Unloading to external stages
Unloading data to external stages in Snowflake is a powerful feature that allows you to export data from Snowflake tables to cloud storage locations such as Amazon S3, Google Cloud Storage, or Microsoft Azure Blob Storage. An external stage is a named database object that references a cloud storage location outside of Snowflake where data files can be stored.
To unload data to an external stage, you use the COPY INTO <location> command. This command exports query results or table data into one or more files in the specified external stage. The basic syntax involves specifying the source data (table or query), the target stage location, and optional file format specifications.
Before unloading, you must first create an external stage using the CREATE STAGE command, which requires appropriate cloud storage credentials and permissions. These credentials can be configured using storage integrations for enhanced security, eliminating the need to embed sensitive credentials in stage definitions.
Key considerations when unloading to external stages include file format options (CSV, JSON, Parquet, etc.), compression settings (GZIP, BZIP2, etc.), and partitioning strategies. You can control the output file size using MAX_FILE_SIZE parameter and organize files into logical partitions using the PARTITION BY clause for better data management.
The SINGLE parameter determines whether output goes to one file or multiple files. For large datasets, Snowflake automatically splits output across multiple files for parallel processing efficiency. You can also specify a file prefix and include headers in the output files.
Unloading supports query-based exports, allowing you to transform or filter data during the export process rather than exporting entire tables. This flexibility enables you to export only the required subset of data.
Common use cases include data archival, sharing data with external systems, creating backups, and integrating with data lakes or other analytics platforms that consume data from cloud storage.

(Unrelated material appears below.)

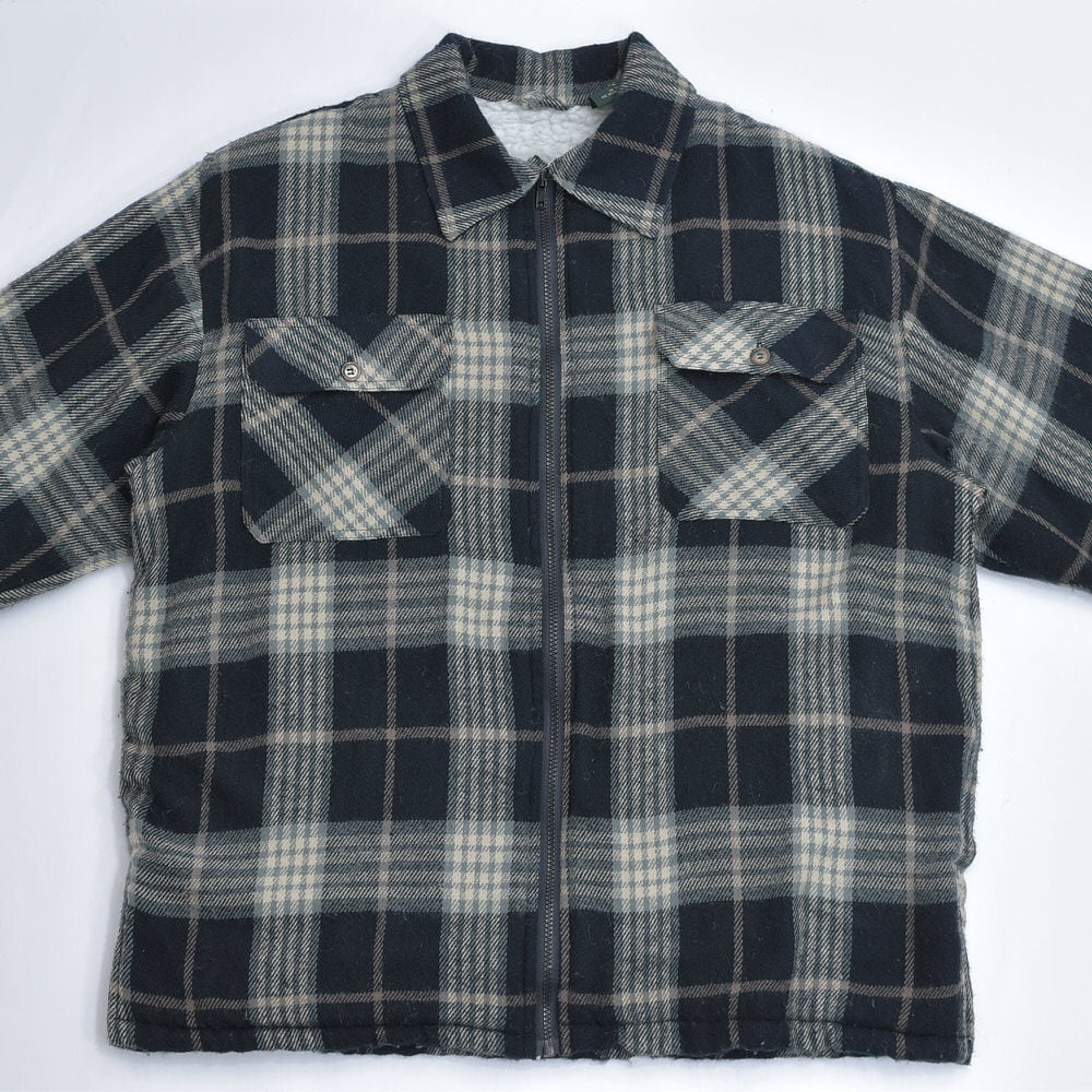 90s CEDAR HILL タータンチェック 総柄 裏ボア シャツジャケット ヴィンテージ アウター アクリルウール ブラック ビンテージ USA アメリカ古着 古着 メンズXL相当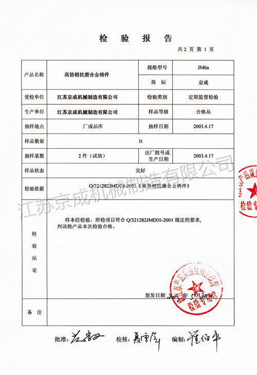 您好,歡迎訪問江蘇京成機械制造有限公司官網(wǎng)!公司主營產(chǎn)品:鍋爐配件|耐磨耐熱鑄鋼|金屬陶瓷復合磨輥。

Data export file formats and options
Snowflake provides robust data export capabilities through the COPY INTO <location> command, supporting multiple file formats and configuration options for unloading data efficiently.
**Supported File Formats:**
1. **CSV (Comma-Separated Values)**: The default format for data export. You can customize delimiters, enclosure characters, escape characters, and null string representations. Options include FIELD_DELIMITER, RECORD_DELIMITER, and FIELD_OPTIONALLY_ENCLOSED_BY.
2. **JSON (JavaScript Object Notation)**: Ideal for semi-structured data export. Snowflake can preserve variant data types and nested structures. The STRIP_OUTER_ARRAY option controls array formatting.
3. **Parquet**: A columnar storage format offering excellent compression and query performance. Snowflake supports exporting to Parquet with SNAPPY compression by default.
**Key Export Options:**
- **COMPRESSION**: Supports GZIP, BZ2, BROTLI, ZSTD, DEFLATE, RAW_DEFLATE, and NONE. This reduces file sizes and transfer costs.
- **SINGLE**: When set to TRUE, produces one output file rather than multiple parallel files. Useful for smaller datasets requiring a single file output.
- **MAX_FILE_SIZE**: Controls the maximum size of each output file (default 16MB for cloud storage). Larger values create fewer files but may impact parallel processing.
- **OVERWRITE**: When TRUE, replaces existing files in the target location with the same names.
- **HEADER**: For CSV exports, setting this to TRUE includes column headers in the output file.
- **FILE_EXTENSION**: Allows custom file extensions for exported files.
**Export Destinations:**
Data can be exported to internal stages (user, table, or named stages) or external stages connected to cloud storage services like Amazon S3, Azure Blob Storage, or Google Cloud Storage.
**Best Practices:**
Use appropriate compression for cost optimization, leverage parallel file generation for large datasets, and select file formats compatible with downstream systems. Partitioning output by date or other columns using PARTITION BY improves data organization in cloud storage.